Extemporaneous musings, occasionally poetic, about life in its richly varied dimensions, especially as relates to history, theology, law, literature, science, by one who is an attorney, ordained minister, historian, writer, and African American.
Monday, August 5, 2013
JAMES MILTON TURNER AND JOHN BERRY MEACHUM: MISSOURI'S BLACK VISIONARIES AND EDUCATORS!

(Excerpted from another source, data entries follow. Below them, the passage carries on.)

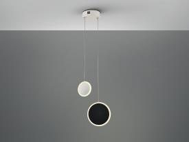 Lampe composée de deux disques suspendus avec lumière périphérique. Fabriqué en métal avec une finition mate noire et blanche. Diffuseur en acrylique opale. LED DE 9W. 530lm. 3.000k
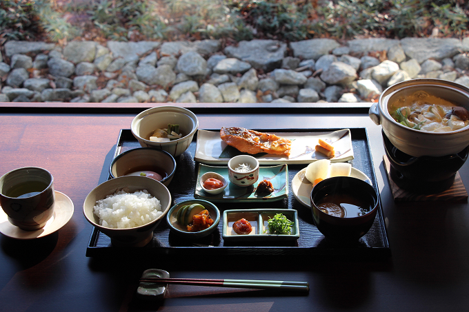 ■AM 8:30 朝食ー益子焼の器に盛られた栃木の食材尽くしの料理
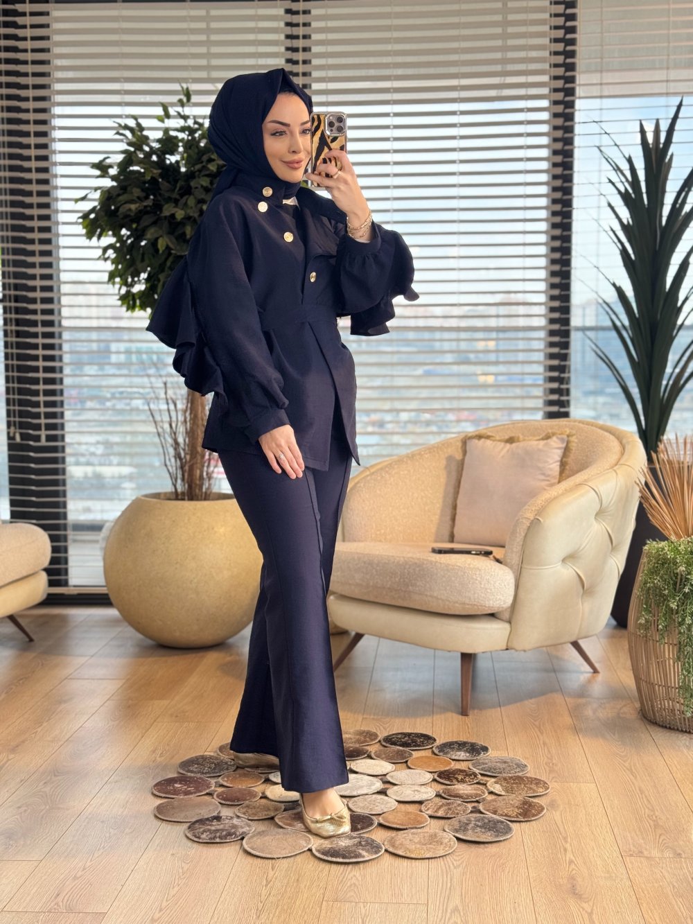 824 Ön Üçgen Parça Gold Düğmeli Takım Lacivert

James Milton Turner Elementary was the name of our grade school in Meachum Park, Missouri. It was named for James Milton Turner, who established public education for blacks after the Civil War. Turner was a protege of the great, though little known, John Berry Meachum, a self-liberated slave in St. Louis, who purchased his and his family's freedom; who founded and pastored the African Baptist Church; who founded a school for blacks on a steamboat, in the 1850's that was moored in the middle of the Mississippi River, under Federal jurisdiction, which James Milton Turner (above) attended, furtively, learning being outlawed in Missouri for blacks in 1847. Students were transported to the school aboard Meachum's skiff, daily. Meachum also established a barrel-making business, whose proceeds funded the school and the church, in which slaves he had purchased earned wages, learned a skill and bought their own freedom through wage deductions. He died in 1855, regrettably, and his wife was hanged in the later 1850's for helping slaves escape to Illinois. The school also died with them!